LDAPEnforcer

ldapenforcer idempotently manages users and groups in an LDAP server.

It keeps the definitions of users, groups, and group membership in plain text files that can be committed to git. The synchronization process can be run repeatedly to no ill effect — unlike applying LDIFs, which will only work once for some operations like add or delete.

Example #

ldapenforcer sync --poll --config /etc/ldapenforcer.toml

This will run indefinitely, polling the config file(s) for changes every 10s, and checking the LDAP server every 24h even if no config changes happen in that period to ensure that it hasn’t drifted from the enforced configuration.

Here’s a sample ldapenforcer.toml:

[ldapenforcer]
uri = "ldap://localhost:389"
bind_dn = "cn=Directory Manager"
password = "P@ssw0rd"

# Directory Structure
enforced_people_ou = "ou=enforced,ou=people,dc=micahrl,dc=me"
enforced_svcacct_ou = "ou=enforced,ou=services,dc=micahrl,dc=me"
enforced_group_ou = "ou=enforced,ou=groups,dc=micahrl,dc=me"

[ldapenforcer.person.bobert]
cn = "Bob R Robert"
mail = "bobert@example.com"
posix = [20069, 20101]

[ldapenforcer.group.employees]
description = "Regular user accounts here at ACME CORP"
posixGidNumber = 10200
people = ["bobert"]

Now if the config file changes, ldapenforcer will notice the change and automatically apply it to the LDAP server. By default, it polls the config file every 10s, because polling a file’s modification time is cheap.

But it will also enforce the configuration in case the LDAP server changes. If an administrator manually gives different membership to a user, ldapenforcer will notice and revert it. By default, it polls the LDAP server every 24h, because reading all managed users from the LDAP server can be expensive on large servers.

See Configuration file for a complete list of configuration options.

Enforced OUs #

LDAPEnforcer will only modify objects in its enforced OUs.

The names of the enforced OUs are set in the configuration.

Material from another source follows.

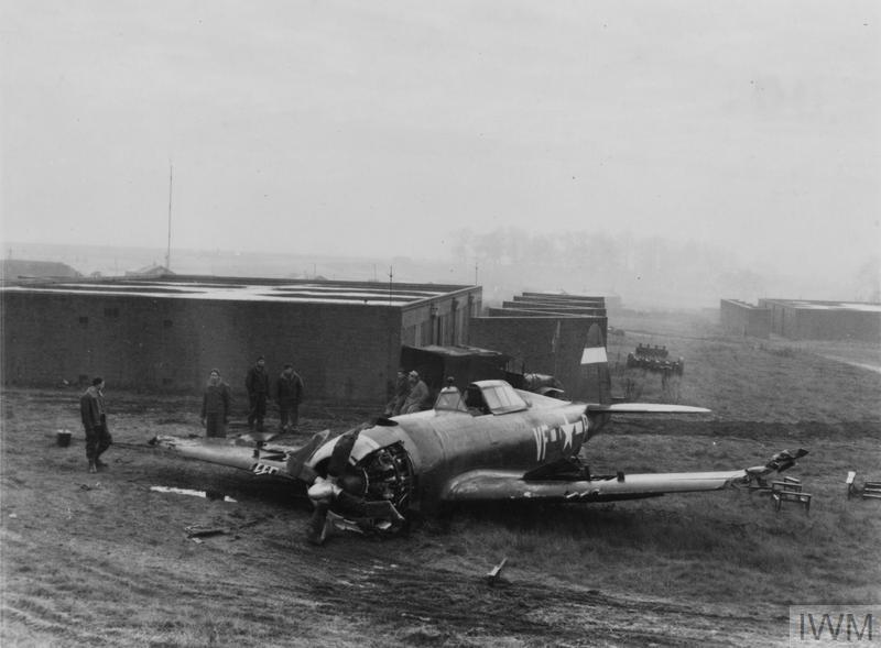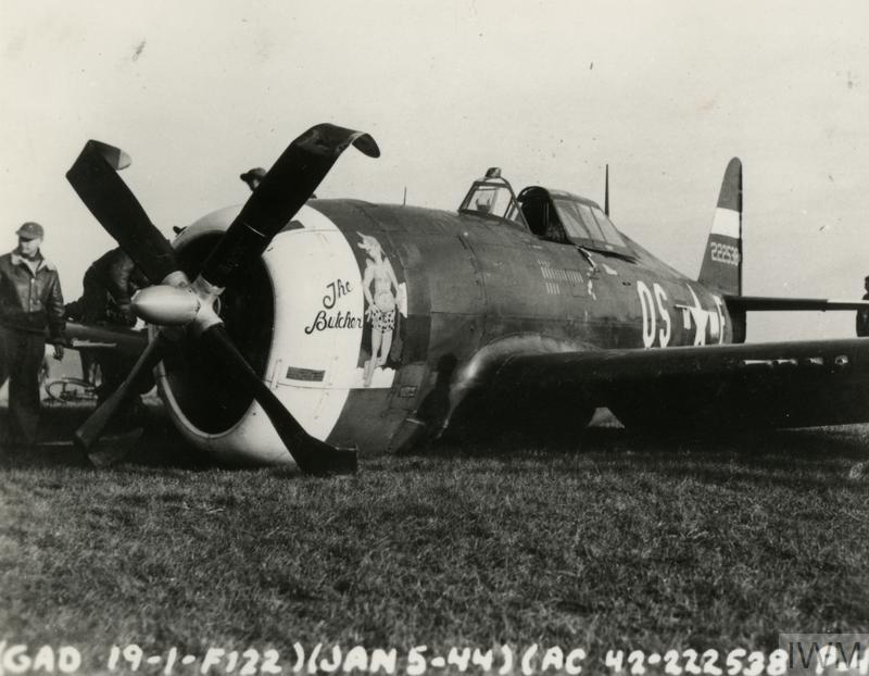 10/24/1944 landing in P-47D #42-74654. He had to be dug out of a defense trench but was uninjured.
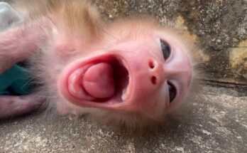 In the heavy silence of the forest at dawn, a sound broke through—a desperate, piercing, and relentless cry. Beneath the tangled roots of a banyan tree lay the source: a tiny, abandoned monkey. His fur was matted, his body trembling from cold and hunger. He was the very picture of a million pity, a soul so poor and forsaken that his entire being had become one single, loud plea. He was crying loudly for help, each shriek a raw, unmistakable signal of utter vulnerability.

From the example above:

enforced_people_ou = "ou=enforced,ou=people,dc=micahrl,dc=me"
enforced_svcacct_ou = "ou=enforced,ou=services,dc=micahrl,dc=me"
enforced_group_ou = "ou=enforced,ou=groups,dc=micahrl,dc=me"

The LDAP server may have users and groups in other OUs, for instance some default users might exist in ou=people,dc=micahrl,dc=me, or perhaps there another OU entirely in ou=migrated,dc=micahrl,dc=me=. LDAPEnforcer will never modify objects outside of the enforced OUs.

Depending on your needs, you may be able to enforce your entire directory, or you may want to only enforce part of it.

Synchronization #

# Run synchronization once and then exit
ldapenforcer sync

# Run synchronization continually, polling the config file and LDAP server for changes
ldapenforcer sync --poll

# Show what would be synced without modifying the LDAP directory
ldapenforcer sync --dry-run

# Verify whether the LDAP server matches the configuration
ldapenforcer verify

Synchronization steps #

  1. Organizational Units: First, LDAPEnforcer ensures that the required organizational units (OUs) exist in the LDAP directory.
  2. People: Creates or updates person entries in LDAP with the configured attributes.
  3. Service Accounts: Creates or updates service account entries in LDAP with the configured attributes.
  4. Groups: Creates or updates group entries in LDAP, including appropriate members and nested group memberships.

Limitations #

It’s not designed to “move” objects between OUs; it will simply delete and recreate them. If unmanaged attributes are set on objects in the LDAP directory, including passwords, profile images, physical addresses, phone numbers, or any other attribute, moving them in this way will destroy them. It’s designed to complement other user/group management tools, and it isn’t intended to make an LDAP server fully stateless.

Currently it assumes it’s talking to an instance of 389 Directory Server with the MemberOf plugin enabled.